I do recommend the movie, but don’t miss out and get a copy of the book. It’s a journey everyone should experience and use it to compare with your own life and journey. Everyone should expereince something like this in one form or another during their lifetime.
Hope this helps.
Jorge Lazaro Diaz is the "Original" Career Jockey who started this blog and now serves as the Managing Editor. You'll find he enjoys focusing on professional and personal development articles and frequently covers motivational and spiritual topics.
You can learn so much about this author by clicking here.

I have not yet seen the movie, but I, too, LOVE the book! It is definitely one of my favorites. Some people have commented to me that they did not like the book because she was “self-indulging.” I say, “What’s wrong with that!” Sometimes I believe we don’t allow ourselves to truly feel, experience, and come to know ourselves. Consciousness and love begin within first before they can extend outward. I celebrate Eat, Pray, Love, and Gilbert’s powerful message.
I agree she is self-indulgent. She is also extremely open about her internal experience as she went through all this. How else can you understand what another person experiences and feels?

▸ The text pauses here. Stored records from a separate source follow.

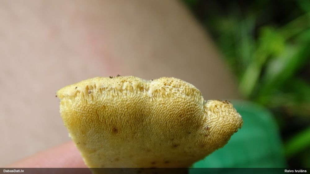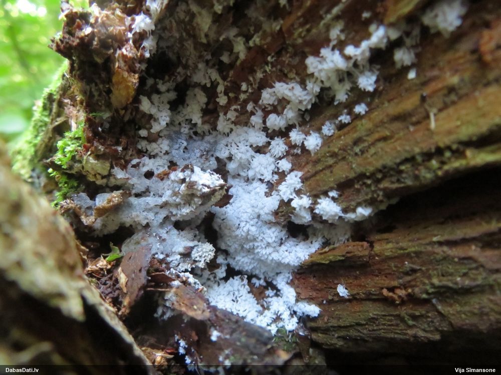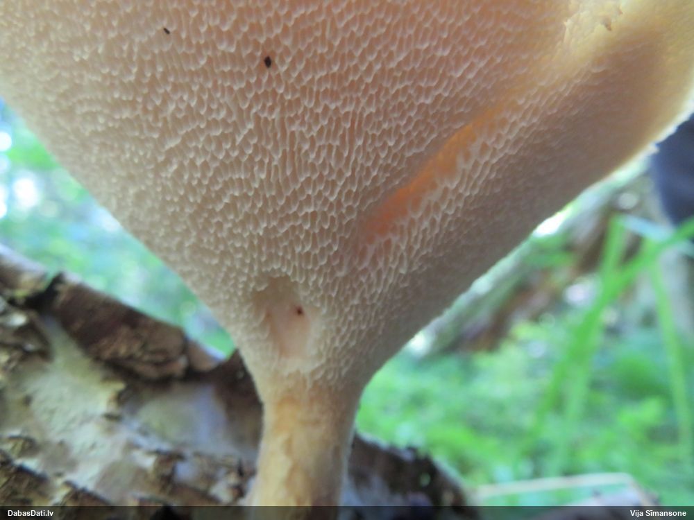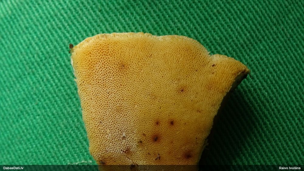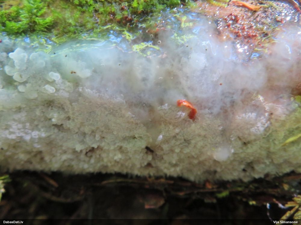 Šim Vijas paraugam iekšas precīzi tādas pašas - baltdzeltenas, ar kapilīciju ar maziem mezgliem, un virsma balta. Sporas gan lielākas: https://dabasdati.lv/lv/observation/b146f03a39b8789e2897007d9e464255/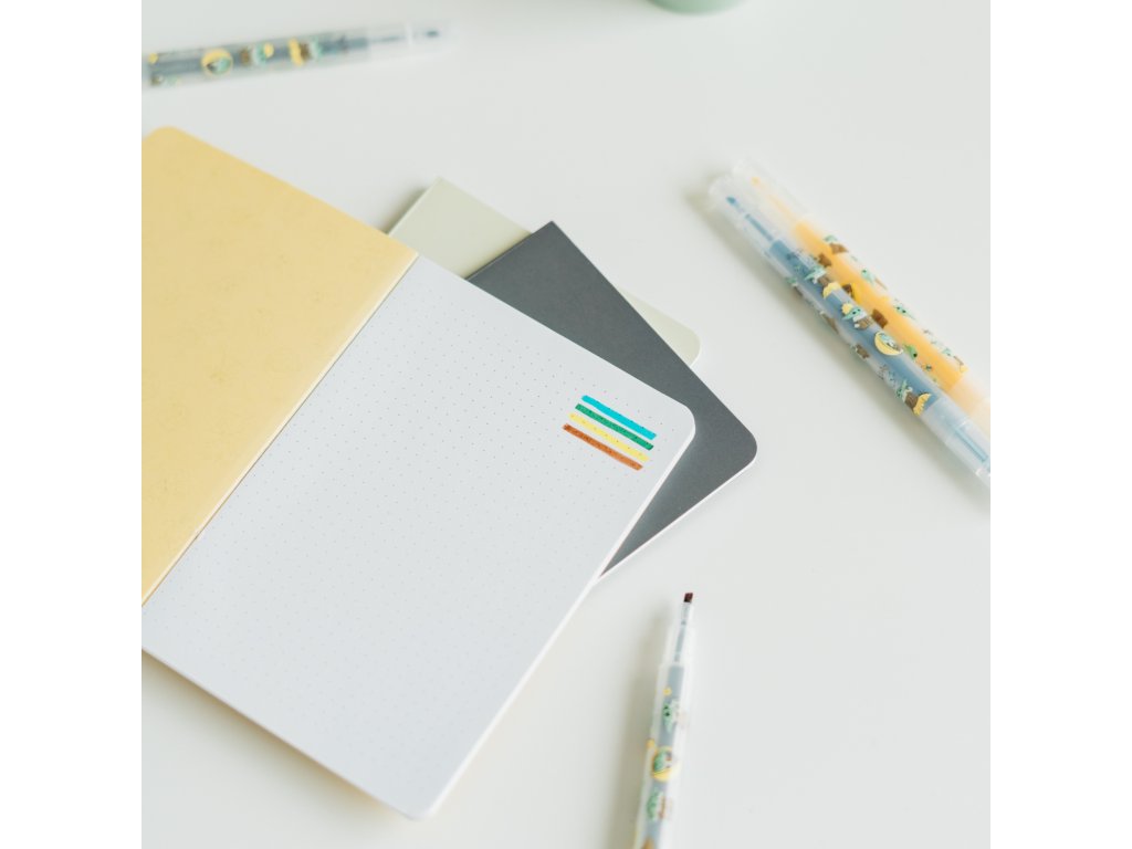 Obsahuje 3 sešity A6, 1 tužku s gumou, 2 kancelářské sponky s gumou, 1 balíček samolepících papírků, 1 pouzdro se 4 zvýrazňovači, 2 listy samolepek a 1 pero s gumou. Vše uvnitř PU a PVC sáčku se zipem.Doplňkové parametry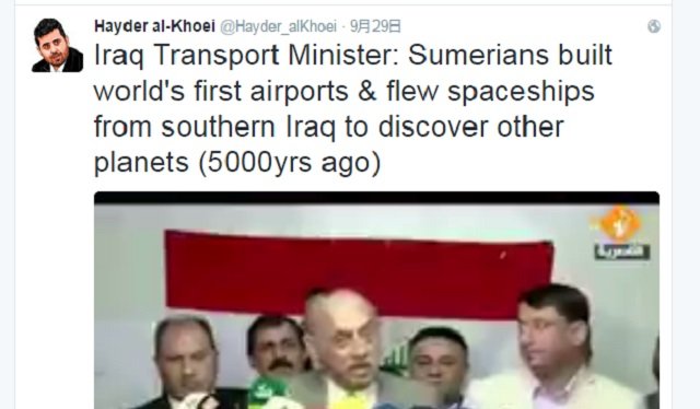 イラクの大臣が、世界初の空港を建設したのはシュメール人であり、さらには宇宙旅行や惑星探索を行っていたと発言、英「The Independent」紙やアラブ首長国連邦の国際ニュース「アル=アラビーヤ」に取り上げられ大きな話題を呼んでいる。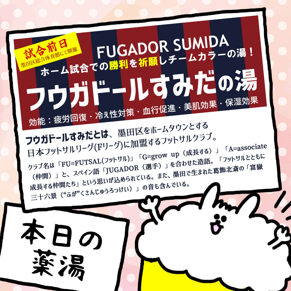 本日2月4日(土)は14:00~朝10:00まで営業!薬湯は「フウガドールすみだの湯」⚽フウガドールすみだは、墨田区をホームタウンとするフットサルクラブ。オフィシャルパートナーを務める大黒湯は、ホーム..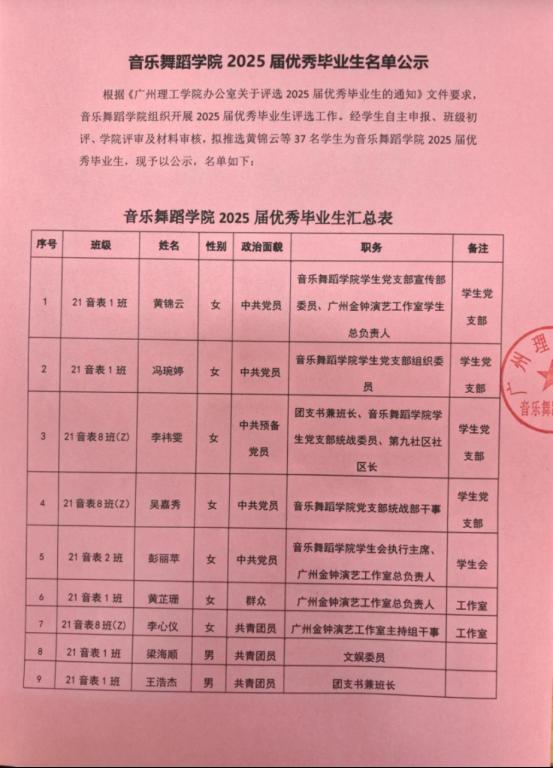 2025届优秀毕业生名单公示

After watching the movie this weekend, I pulled out my copy of the book and I am again rapped up in her ability to share her experience firsthand. How often do we get a peek into another person’s thinking as they interact with their own depression and loneliness? (That’s one of my favorite scene in the book.)
I’m even luckier than most in that I’ve got the downloaded Audible copy of the book read by Elizabeth Gilbert herself. Her inflections are priceless through out the book.
Another scene you just cannot appreciate in the movie is what goes on in the Ashram rooftop experience after Richard from Texas leaves her there. It was about as well done as it could be for a movie, but her mental discussion during that scene is one you just have to read to appreciate how indepth that experience was for her.
Agreed! I LOVED the book, and I did listen to the audiobook version; it was like taking a walk with Elizabeth Gilbert every day. I laughed out loud and truly identified with her.
I was pretty disappointed with the movie version too. I was most looking forward to the beauty of an Ashram, and that was glossed over.